Not to be argumentative, but I know you are possibly the biggest supporter of the f/1.2 here. Outside of the bokeh, can you replicate the contrast and color in lightroom? 

And again... not to be argumentative... or maybe I should say, With all due respect (Talladega Nights anyone?), I haven't heard of the 50 f/1.2L having a magic bokeh except recently. The 135L yes, the 85mm f/1.2L yes, even the 200mm f/2L... I've even heard contrasting opinions regarding the bokeh of the 70-200mm f/2.8L Is mkii.

I know bokeh can be subjective, but would you contend that the 50's bokeh is on par with the 85/135/200?


----------



## knoxtown (Aug 19, 2013)

Just wanted to jump in here...

Is the 50L a magic lens? Not even close, it certainly has its flaws. Most people definitely don't need it, but if you do, you already know it (and can easily justify it). For most people, the money is better spent on the new 24-70, or just a 50 1.4 and save the rest for something else you need. For my work, I need it and couldn't imagine working without it. 

Is it as good as the 85 1.2 or the 135, nope. Does it compliment them for specific needs, absolutely. 

All of that said, if you want it, buy it. Just understand that the images you get from it, for most people, isn't going to translate into a reason to spend 1500 on a 50.

Happy shopping everyone.


----------



## neuroanatomist (Aug 19, 2013)

jdramirez said:


> I know bokeh can be subjective, but would you contend that the 50's bokeh is on par with the 85/135/200?



I'd contend that it's better. The 50/1.2 was intentionally designed for superior bokeh, and I'd argue that Canon succeeded. How do you design a lens for exceptional bokeh? You don't fully correct for spherical aberration - and that undercorrection is the tradeoff that results in the 'flaws' some people perceive in the 50L, such as a slight reduction in sharpness and the focus shift when stopping down slightly with very close subjects. Not only is the bokeh superior, the combination of a normal focal length with an f/1.2 aperture means relatively more blur for a close background than is achieved with longer lenses. So, for close subjects with close, busy backgrounds, the 50L going to blur out the background more, and more pleasingly.


----------



## Dylan777 (Aug 19, 2013)

jdramirez said:


> Dylan777 said:
> 
> 
> > EOBeav said:
> ...



With raw file, photo above can be easily PP x2 to x3 better. Those are just one of goofy photos I took at work with JPEG. Standard setting on 5D III.

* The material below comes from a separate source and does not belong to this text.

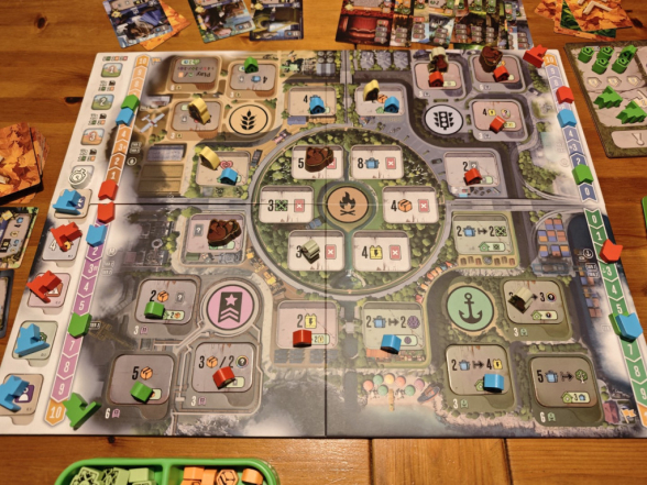 Auf dem Spielplan müssen noch ein paar mehr Vorbereitungen getroffen werden: Die vier Distrikt-Scheiben werden auf die jeweiligen Felder platziert. Sie werden von Spielern beansprucht, wenn sie auf der jeweiligen Autoritätsleiste des Distrikts in Führung gehen. Der Besitzer einer Scheibe erhält zusätzliches Einkommen in den Ruhephasen. Außerdem werden für jede der fünf Kategorien ein zufälliges Anrechtsplättchen ausgewählt und platziert. Diese geben Ziele vor, für die der erste Spieler bei Erreichen ordentlich Siegpunkte erhält. Zuletzt kommt der Rundenmarker – die weiße Uhr - auf Feld 1 der Rundenleiste.

"I haven't heard of the 50 f/1.2L having a magic bokeh except recently" ==> because you were too busy shooting with 50 f1.4 @ f2.8 that's why   ;D 

"I know bokeh can be subjective, but would you contend that the 50's bokeh is on par with the 85/135/200?" ==> try to rent 50L. AFMA is almost required. start shooting from f1.2 to f1.6(mine is great at f1.4, others claimed f1.6ish). Magic distance 4-5ft away from your model. Once you done this exp, pls share your photos with us


----------



## Random Orbits (Aug 19, 2013)

jdramirez said:


> Not to be argumentative, but I know you are possibly the biggest supporter of the f/1.2 here. Outside of the bokeh, can you replicate the contrast and color in lightroom?
> 
> And again... not to be argumentative... or maybe I should say, With all due respect (Talladega Nights anyone?), I haven't heard of the 50 f/1.2L having a magic bokeh except recently. The 135L yes, the 85mm f/1.2L yes, even the 200mm f/2L... I've even heard contrasting opinions regarding the bokeh of the 70-200mm f/2.8L Is mkii.
> 
> I know bokeh can be subjective, but would you contend that the 50's bokeh is on par with the 85/135/200?



The topic comes up from time to time, but this has been going on for years.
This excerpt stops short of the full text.